Native American Concerns regarding energy projects – Ivanpah & Blythe

DFN: Good points about there being too many projects, too few people to review and evaluate from the perspective of the various special interest groups potentially impacted by the projects. Article mentions the recently launched (start of construction) Brightsource Ivanpah and other project’s on the BLM’s fast track program. Very interesting geoglyphs on the Solar Millennium Blythe project, which I hope to be able to visit and see first hand in the near future.

CALIFORNIA DESERT: Native Americans object to energy projects
10:02 PM PDT on Tuesday, October 19, 2010
The Press-Enterprise

The recent sight of road graders clearing old-growth Mojave Desert shrubs to make way for the nation’s first large-scale solar energy project on public land was painful to Phil Smith.

"It hurts because it will never be the same again," said the Chemehuevi elder, who lives in the Needles area.

But state and federal reviews earlier this year found the 5.6-square-mile project near the Nevada border now being built by Oakland-based BrightSource Energy Co. had no significant cultural resources, such as former village or burial sites. Government officials are now allowing the tortoises to be captured and moved.

The project will feature thousands of mirrors that focus heat on towers with steam boilers that turn turbines to generate enough electricity for 140,000 homes.

Smith is among several Native Americans upset with the federal government for rapidly approving large solar projects on public land, a process they fear will obliterate sacred places, landmarks, and artifacts.

Tribes say that the BrightSource solar property outside Primm, Nevada has trails and other sites that are sacred to Native Americans.
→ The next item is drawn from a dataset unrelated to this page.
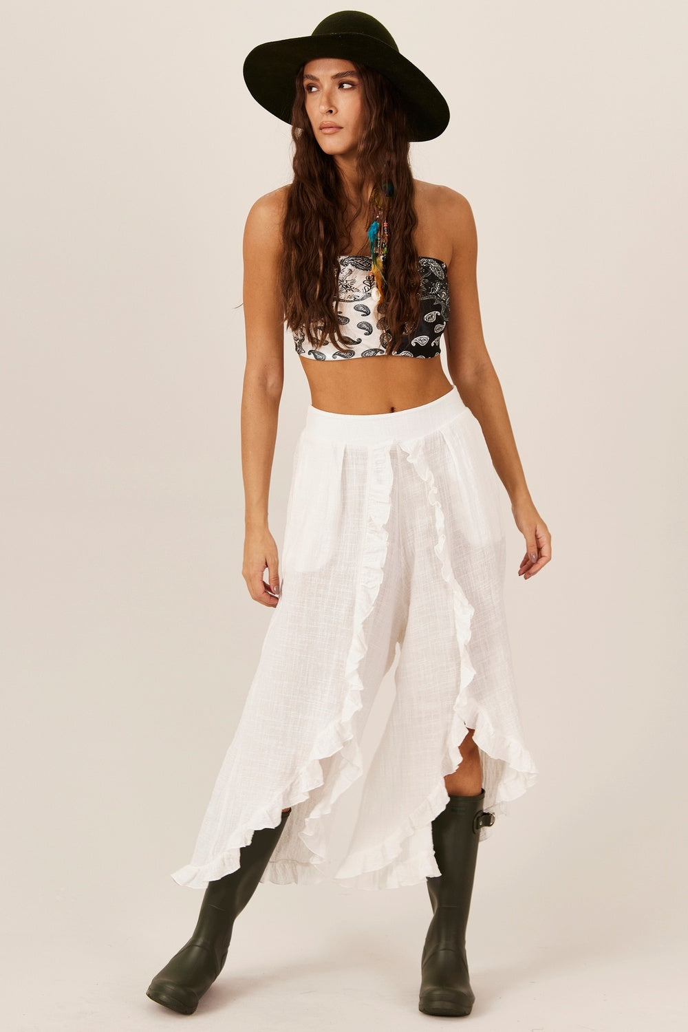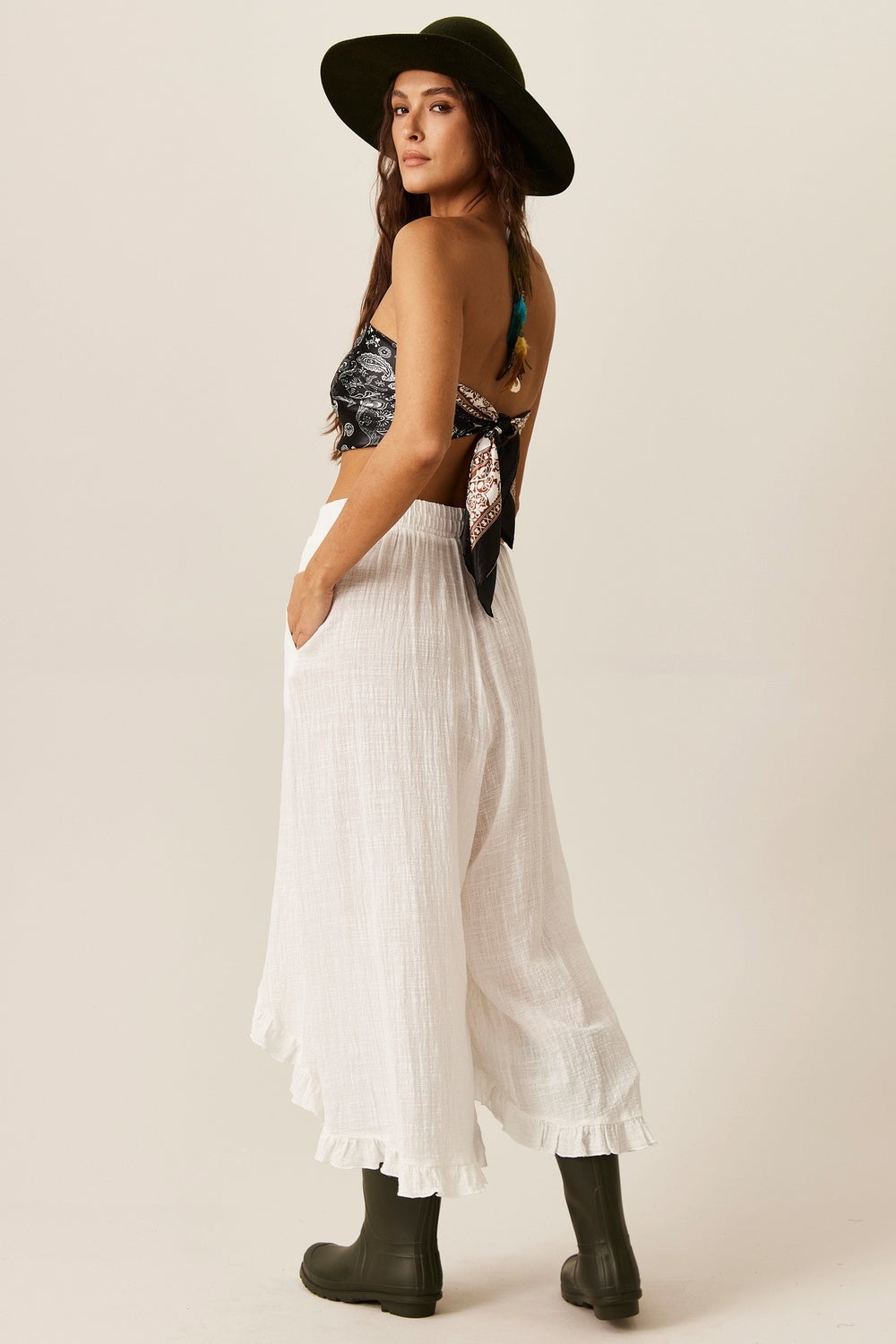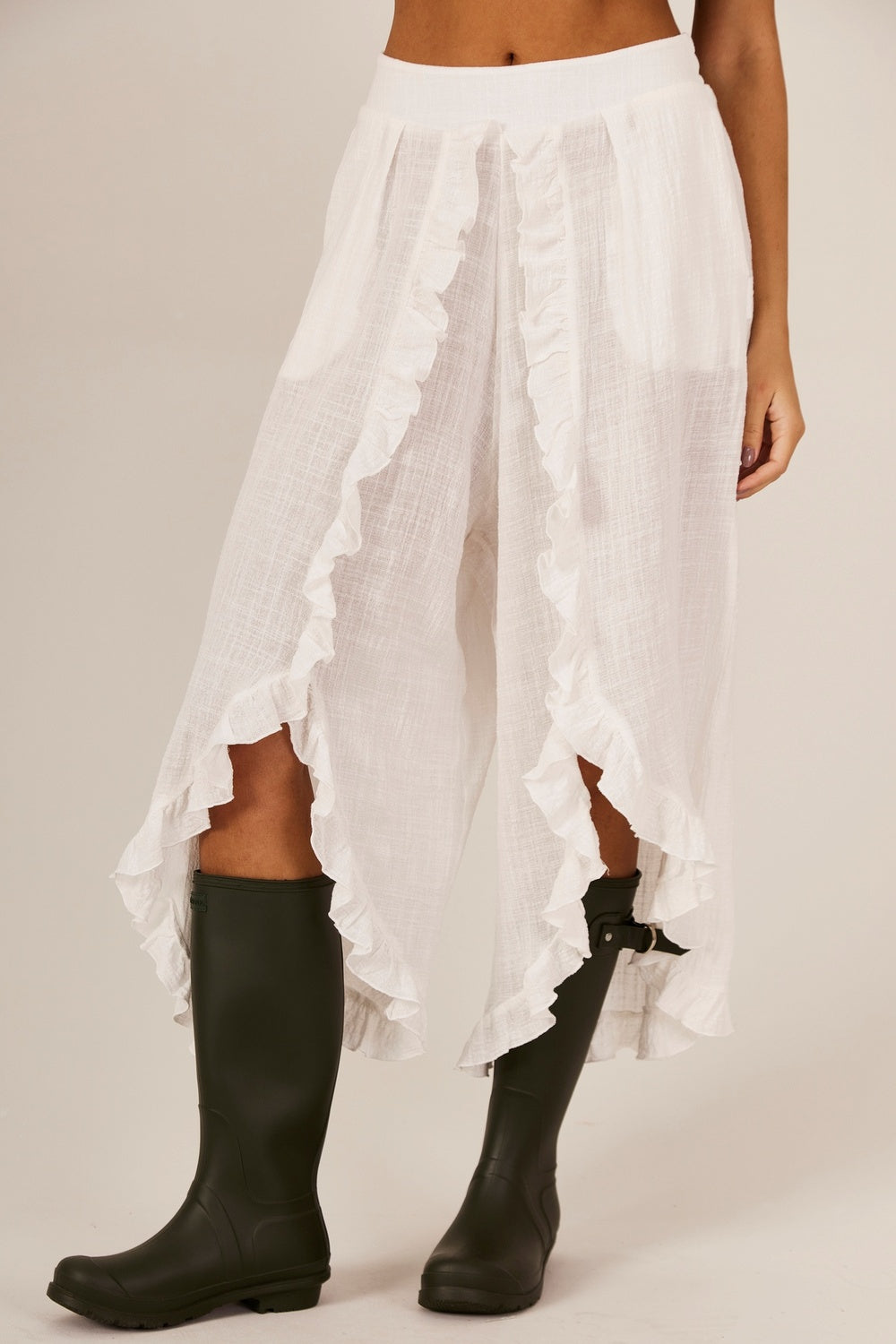 Calça Com Babados E Bolsos Branca Yacamim G7

This photo of that land is shot by wildlife biologist Laura Cunningham.
Tribal members say they are overwhelmed by the number energy projects and don’t have time to examine and respond to thousands of pages of environmental documents and arrange for trips to the sites with appropriate leaders.

They also are concerned because, in several cases, the government won’t decide how to deal with the loss of cultural resources until after projects are approved.

The U.S Bureau of Land Management is "fast-tracking" approvals for 23 solar, wind and geothermal energy projects on 236 square miles of public land in California, Arizona and Nevada. Developments that are construction-ready by the end of the year qualify for federal stimulus dollars, according to a BLM website.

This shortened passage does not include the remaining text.